Some hydrophobic acrylic lenses incorporate blue-light filtering chromophores, as it has been suggested that blue-light–filtering IOLs protect lipofuscin-containing retinal pigment epithelial cells from blue-light damage.15 There is indirect evidence suggesting that blue-light filters may result in a reduced risk of development or progression of macular degeneration, but the value of these yellowchromophore– containing lenses is not fully understood. Potential side effects of constantly filtering blue light may include negative impacts on color vision, night vision, and sleep and circadian rhythms.16

One photochromic lens (Matrix Aurium; Medennium, Irvine, California) turns yellow when exposed to ultraviolet (UV) light because the blue light is absorbed. The lens behaves as a standard UV-absorbing IOL in an indoor environment; the optic remains colorless, and there is no filtering of blue light. This innovative concept theoretically eliminates the potential side effects of yellow IOLs and provides patients with the potential for improved night vision after cataract surgery, additional protection of the macula against blue light in daylight conditions, and improved contrast sensitivity (as demonstrated in clinical studies with yellow lenses).17

In a rabbit study conducted in our laboratory, the long-term biocompatibility and photochromic stability of the photochromic IOL were evaluated under extended UV light exposure (simulating 20 years of exposure).17 The photochromic change was found to be reversible (ie, the optic returned to its colorless state after discontinuation of UV light projection) and reproducible (ie, the photochromic change was observed at different time points in the clinical follow-up). Additionally, the photochromic property of the optic material remained stable and was present and unchanged 12 months after implantation. The rabbit eyes exhibited clinical and histopathologic changes that are normally expected in this model, and there was no difference between study and control eyes in terms of biocompatibility.

GLISTENINGS

Glistenings are fluid-filled microvacuoles that form within an IOL optic when the lens is in an aqueous environment. 3 They can be observed with any type of IOL, although they have mainly been described in association with hydrophobic acrylic lenses. Experimental and clinical studies suggest that different hydrophobic acrylic lenses exhibit different tendencies for the occurrence of glistenings. Factors that may influence their formation include IOL material composition, IOL manufacturing technique, IOL packaging, patient-associated conditions such as glaucoma or those leading to breakdown of the blood-aqueous barrier, and concurrent use by the patient of ocular medications.

The exact impact of glistenings on postoperative visual function and an understanding of their evolution in the late postoperative period remains a matter of controversy, partly because IOL explantation due to glistenings is rarely reported.
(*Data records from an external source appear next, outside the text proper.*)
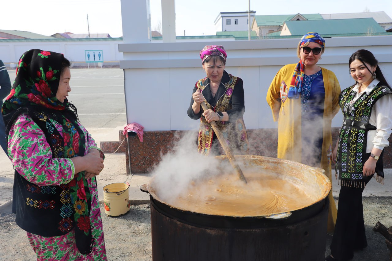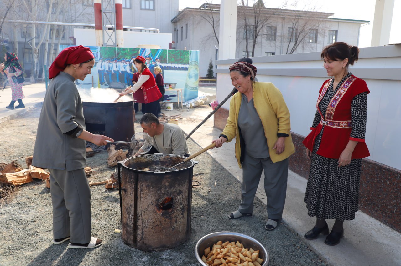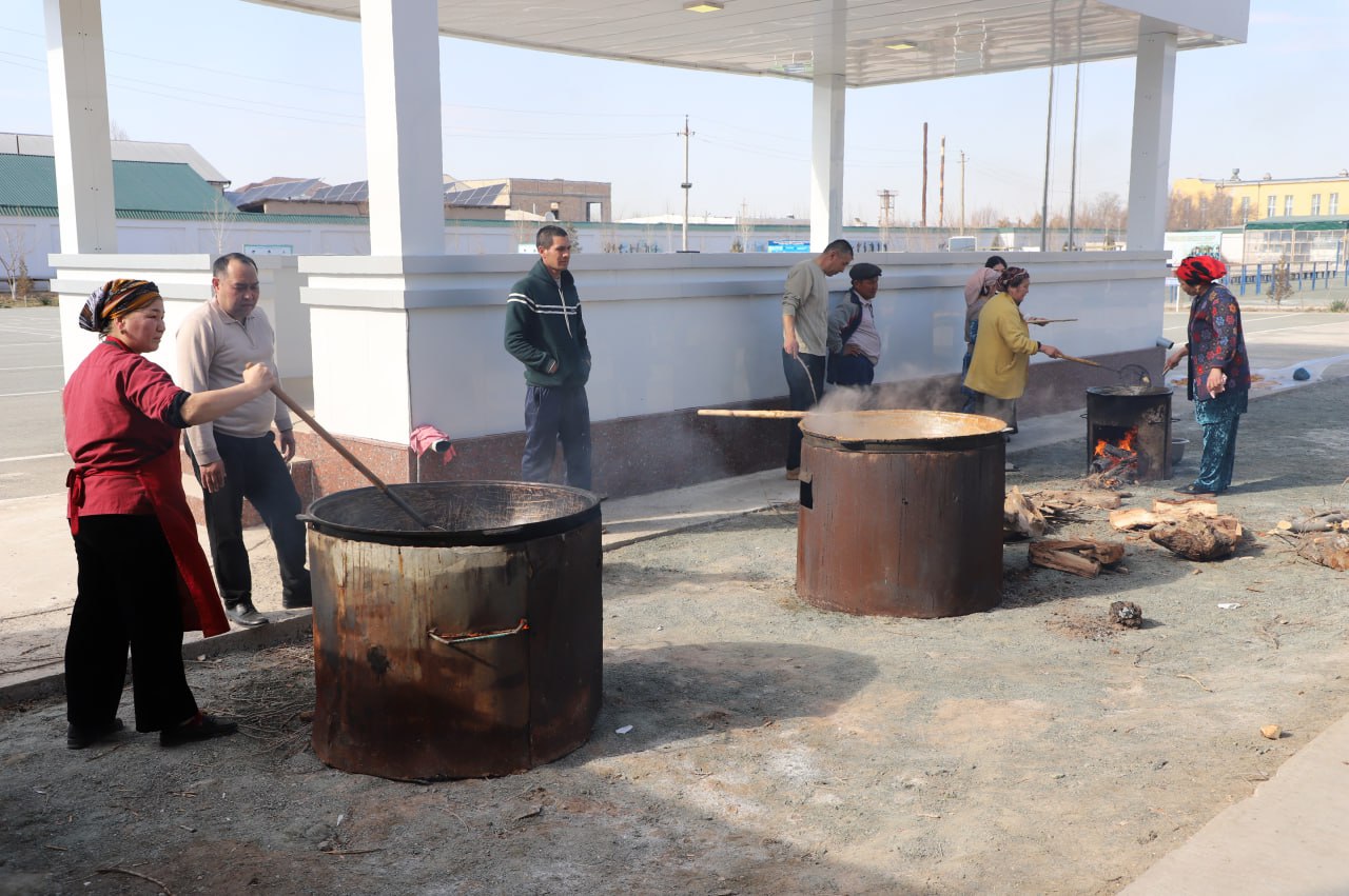 Tadbir davomida doshqozonda sumalak qaynatilib, osh damlanib hamda Navro‘z go‘jalar pishirilmoqda. Ushbu bahoriy bayram do‘stlik, mehr-oqibat va yangilanish timsoli sifatida yana bir bor qalblarga iliqlik baxsh etadi.
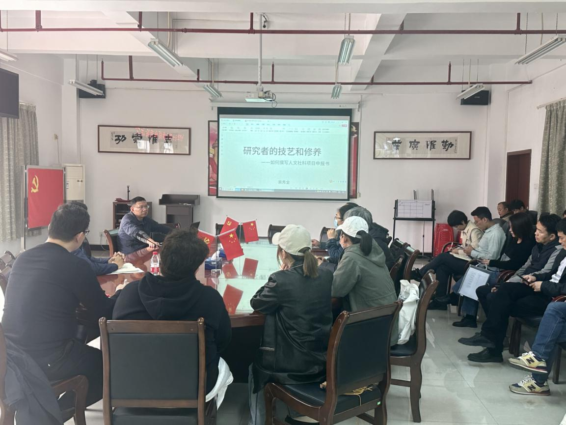 为进一步提高公司教师申报国家社科艺术学项目的热情,提升申报项目的质量,营造浓厚的学术氛围,2024年3月14日下午,华南师范大学美术公司崇秀全教授,以“国家社科基金艺术学项目申报选题和论证”为题作了一堂生动的讲座。公司由邓焱副经理主持,全体教师参加。
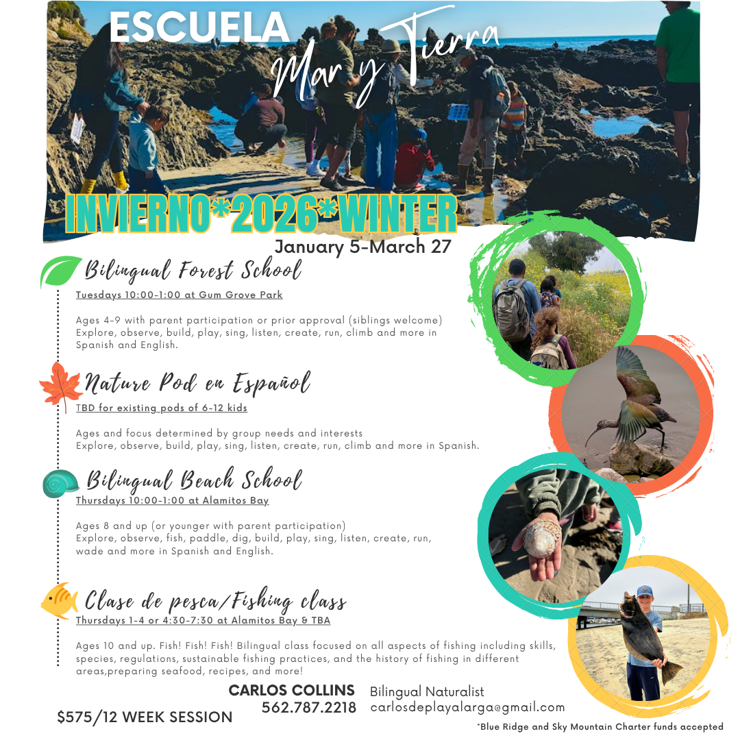 Our amazing coastal ecosystems will surround us as we explore, observe, paddle, dig, build, play, sing, listen, create, run and climb. We will learn from nature and one another in Spanish and English. This is a 3 hour weekly parent participation class for ages 4-9. You may mix and match with the Bilingual Beach School. Pricing as follows: $750 for 16 classes, $575 for 12 classes, $390 for 8 classes and $50 for 1 class.
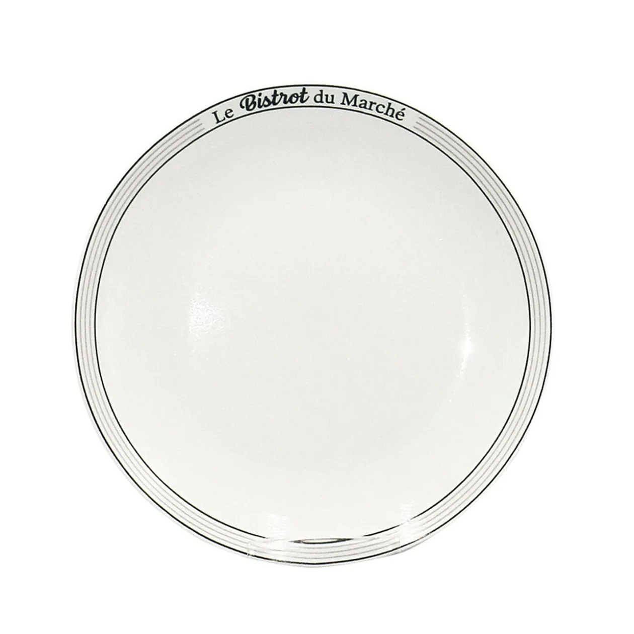 Assiette plate blanche avec liseré noir et inscription « Le petit bistrot » sur le contour.
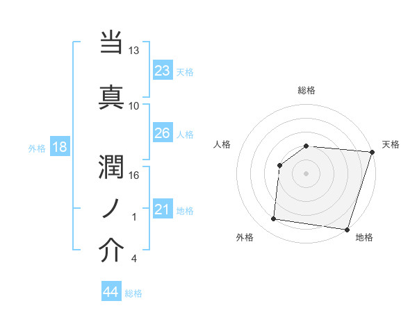当真 潤ノ介さんを姓名の画数から五運を鑑定
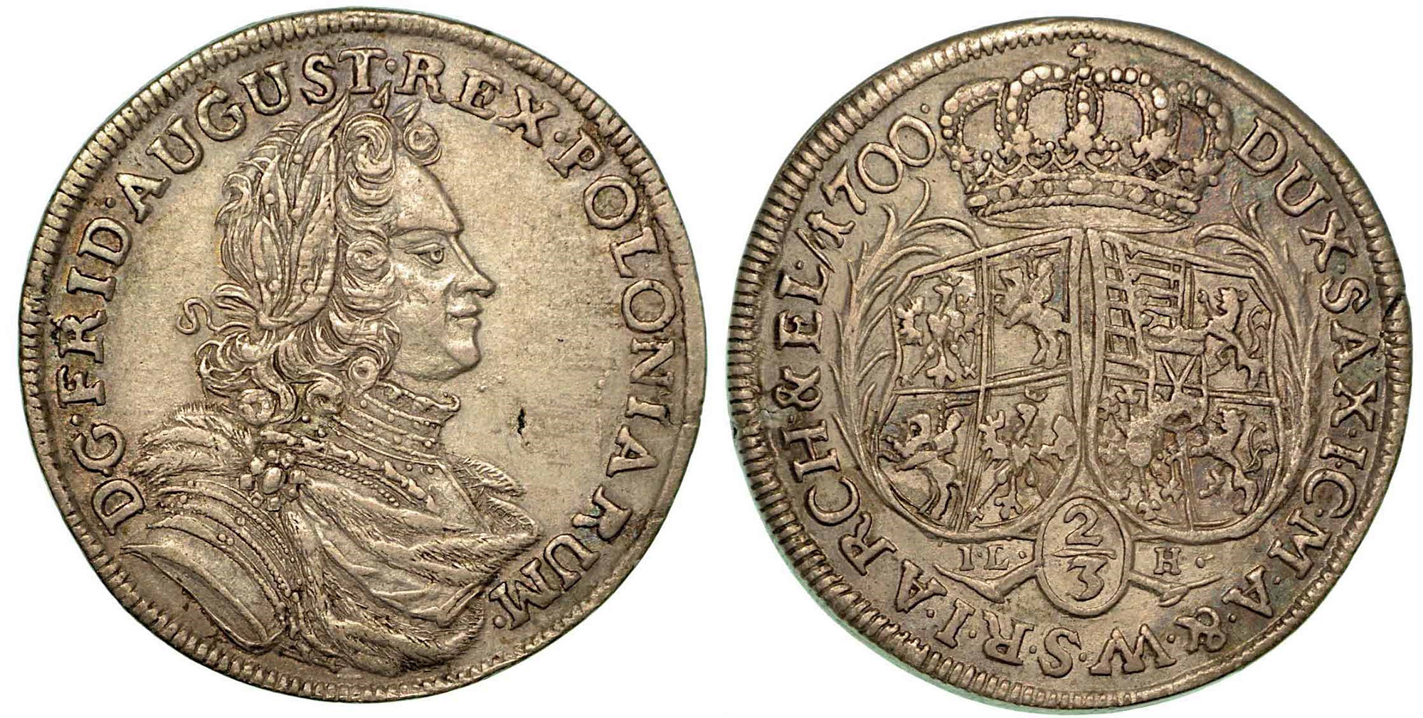 GERMANIA - SASSONIA. Friedrich August I, 1694-1733., 2/3 Thaler 1700.
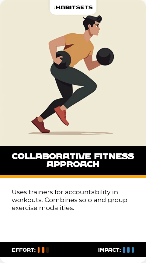 Uses trainers for accountability in workouts. Combines solo and group exercise modalities.
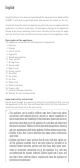 health and the environment. The crossed out “wheeled bin” symbol on the product reminds you of your obligation, that when you dispose of the appliance it must be separately collected. Consumers should contact their local authority or retailer for information concerning the correct disposal of their old appliance. Specifications Rated voltage Power output Dimensions Weight Tank capacity Max. dehumidification per day Sound level Complies with EU regulations 220 - 240 V 420 W (35°C 90% RH) max.
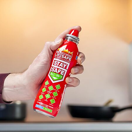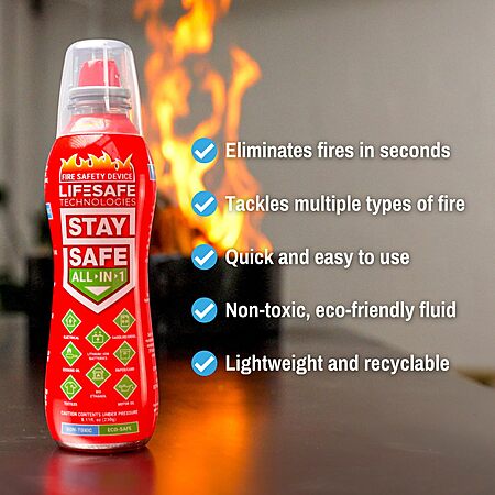 LifeSafe Technologies StaySafe All-in-1 Portable Fire Extinguisher, Compact Fire Spray Easy to use on 10 Types of Fires, Non-Toxic & Eco-Friendly
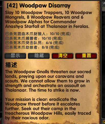 让你去图中标记的位置去击杀豺狼人,怪比较密集,要注意木爪捕兽者会扔网子禁锢,其他的没什么。
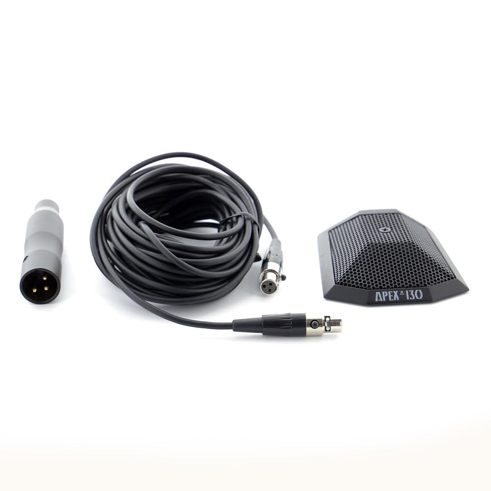 The Apex130 is a low profile condenser boundary microphone designed for conference rooms, council chambers, church pulpits or lecterns. The distinct advantage of the Apex130 is apparent when mounted on a large flat surface. Direct and reflected sound arrive at the diaphragm in phase. This means that the directionality of the microphone is increased, the user sees more gain before feedback and increased suppression of unwanted ambient noise.

Although it is likely that each hydrophobic acrylic IOL exhibits different tendencies toward glistening formation, no peer-reviewed articles are currently available for the IOLs listed in Table 1. Most of the peerreviewed literature describes glistening formation, incidence, and severity in the AcrySof material;3 a relatively small number of articles and presentations evaluate glistening formation in the Acryfold VA60CA/CB (Hoya Corp.), Acrylmex (Ophthalmic Innovations International, Inc.; now Aaren Scientific, Ontario, California), Sensar AR40(e), and XACT (Advanced Vision Science, Inc., Goleta, California) IOLs.3

In one Japanese clinical study of glistenings,18 74 eyes were implanted with the AcrySof SA30AL (n=17), the Acryfold VA60CB (n=37), or the Sensar AR40e (n=20). Follow-up ranged from 6 to 18 months. Slit-lamp examination showed the presence of grade 1C glistenings (Miyata classification) in 35.3% of the AcrySof IOLs and 62.1% of the Acryfold IOLs but in 0% of the Sensar IOLs. Hoya investigated the reports of glistenings (a total of 29) in its early IOL models VA60CA and VA60CB, which were never commercially released outside of Japan and were subsequently discontinued. Improvements were implemented in the polymerization and cleaning processes of the company’s lenses, and continued monitoring of the manufacturing processes and a low level of customer complaints indicate that these changes have been effective.

STORAGE MEDIA CAN CAUSE GLISTENINGS

According to information contained in the US Food and Drug Administration (FDA) Summary of Safety and Effectiveness Data and on IOL labeling (obtained through the manufacturer, Advanced Vision Science, Inc.), the XACT IOL was originally packaged in 10.0% saline. The presence of glistenings was reported in 40 eyes (40 patients) between 1 week and 1 month after surgery, with decreased density at each visit thereafter.3 No differences in contrast sensitivity were observed between the study and control eyes, except for a clinically insignificant difference in contrast sensitivity detected in the highest spatial frequencies at 1 month. It was postulated that, after implantation, the osmotic differential between the IOL and aqueous humor caused more water to be absorbed into the IOL optic, resulting in the appearance of glistenings. However, a change of hydration/storage media from 10.0% to 0.9% saline was implemented, and laboratory testing demonstrated elimination of the glistenings. This was confirmed in an additional clinical trial conducted in the Dominican Republic and Germany, the data from which were included in the FDA marketing application for the IOL.19 In this study, 172 eyes (142 patients) were examined at least once between 1 and 6 months, and 123 eyes (101 patients) were examined at least once between 6 months and 2 years. No glistenings were observed at any time.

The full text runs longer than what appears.